The website I chose to analyze is website for the company I work for called University Tees. We are a printing and design shop out of Cleveland, Ohio. University Tees has what they call “campus managers” on over 250 school campuses across the country and work with hundreds of Greek organizations on those campuses.
It is important that this website work correctly because hundreds of people visit it every single day in order to get ideas for new designs, place an order request, or receive product information. If this website weren’t working correctly, University Tees could potentially lose a lot of their customers to other companies.
When I ran it through WAVE reporter, I was initially scared because there were so many red flags that seemed to show up. Once I took a closer look at what these red flags were, it made me feel better about the website and how it works. There were red flags because there were “buttons” that did not lead to anywhere.
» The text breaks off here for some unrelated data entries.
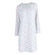 Dámská bavlněná noční košile PLEAS s dlouhým rukávem, kulatým výstřihem a délkou ke kolenům. Ve výstřihu je noční košile lehce nařasená.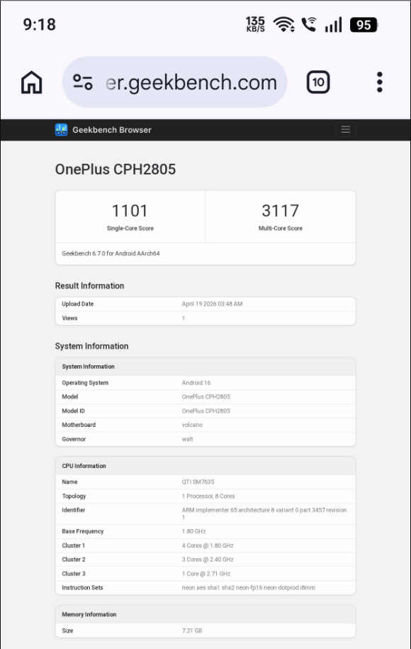 Geekbench显示,一加Nord CE 6搭载了一款八核芯片组,核心配置包括一个主频2.71GHz的大核、三个主频2.40GHz的中核以及四个主频1.80GHz的小核,配备Adreno 810 GPU,这一配置与高通的骁龙7s Gen4完全吻合。该芯片也已被应用于摩托罗拉Edge 70 Fusion和vivo T5 Pro等机型。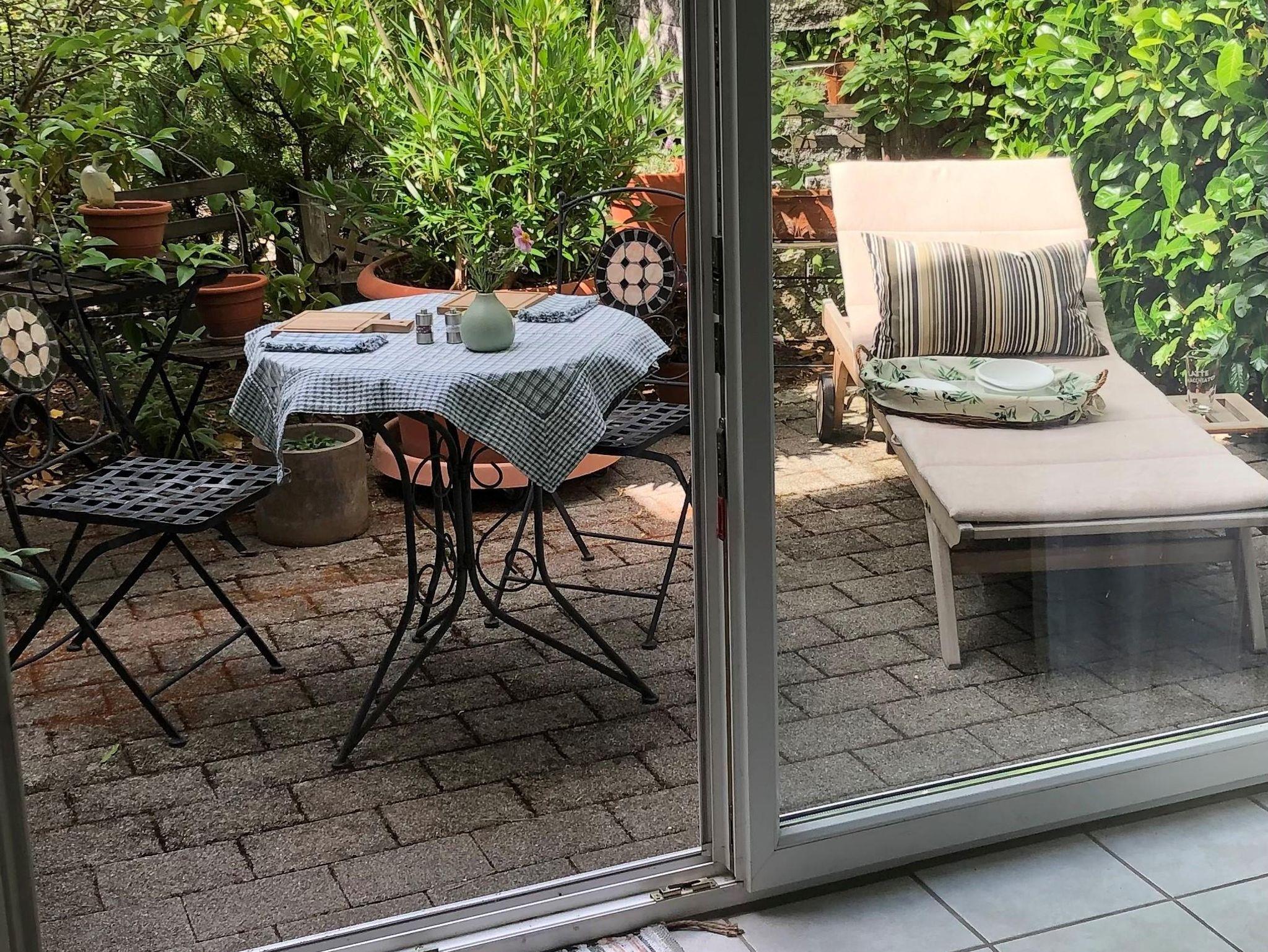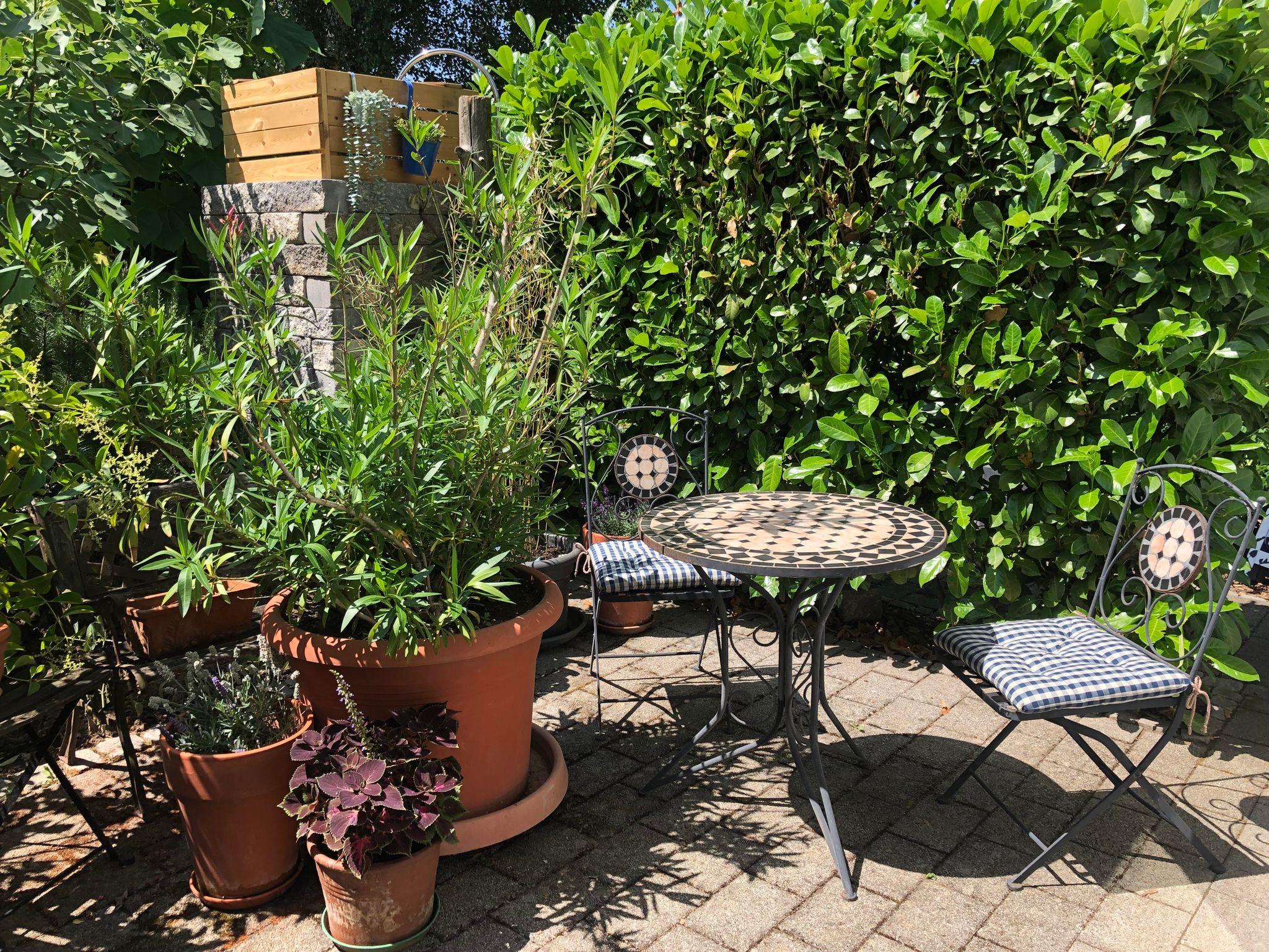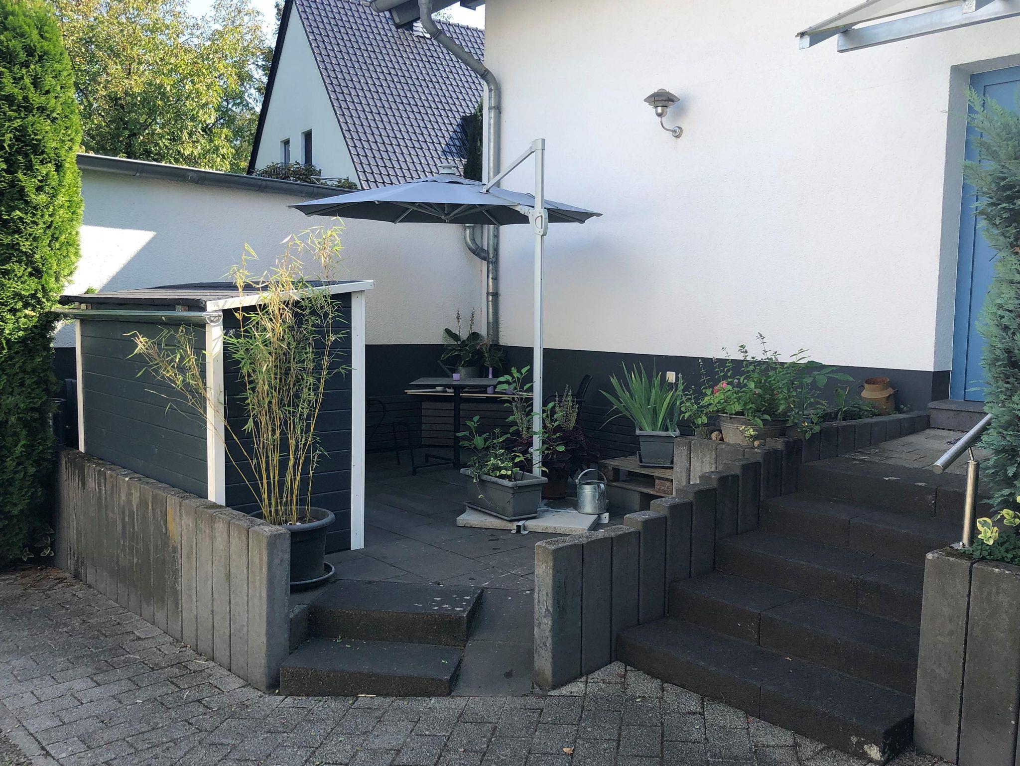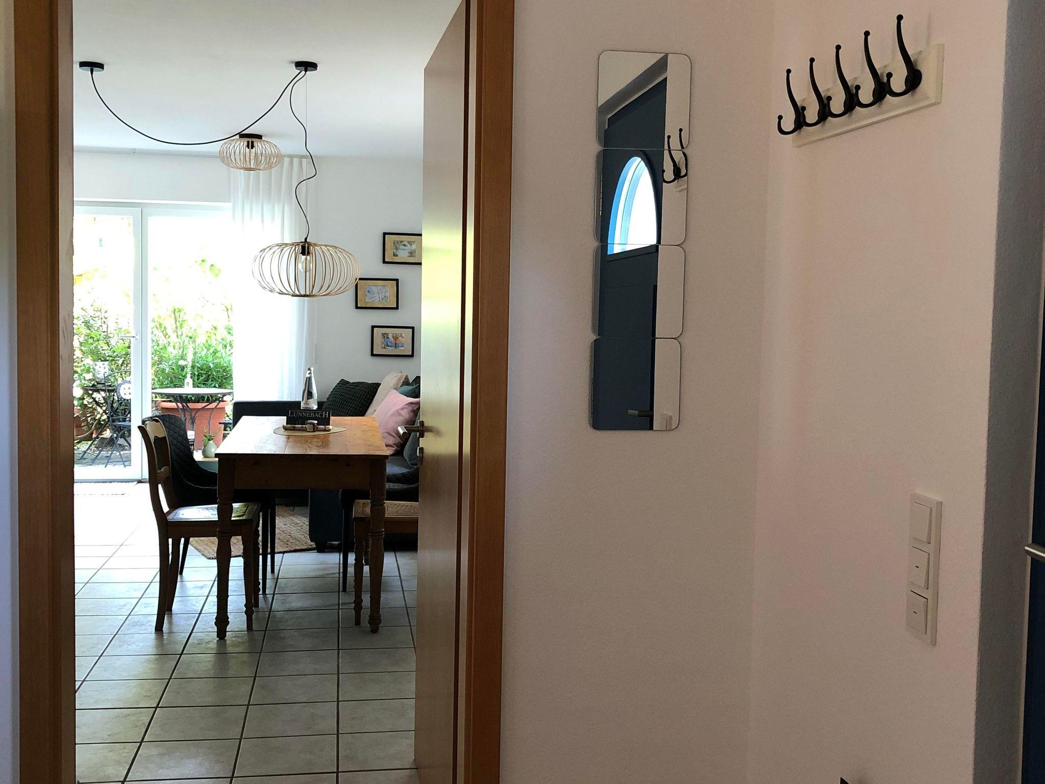Ein Schlafzimmer mit Doppelbett, ein Bad mit Dusche und Badewanne, ein großes Wohnzimmer mit Schlafcouch und eine vollständig eingerichtete Küche, sowie eine Terrasse zum Garten und eine Terrasse vor der Eingangstür laden zum Entspannen und Wohlfühlen ein. Öffentliche, kostenfreie Parkplätze gibt es in unmittelbarer Nähe (15 m), auf Anfrage reservieren wir Ihnen einen Stellplatz am Haus.

For example, there is a button that looks like a bird (the University Tees logo), but the button doesn’t take you anywhere. This may be confusing for customers, but it does not make their experience on the site any worse.
The errors are something that IT could work on to improve the overall accessibility of the site, but they are nothing that would effect the customers or anything the customer would probably even notice.
“For example, there is a button that looks like a bird (the University Tees logo), but the button doesn’t take you anywhere. This may be confusing for customers, but it does not make their experience on the site any worse.” — I don’t know, I think it could potentially be very confusing. These small issues can add up over time. Some issues not as easy a fix as you might think, though. It would really take some digging into the code for a website to see if those empty buttons are really necessary to make the design work as intended.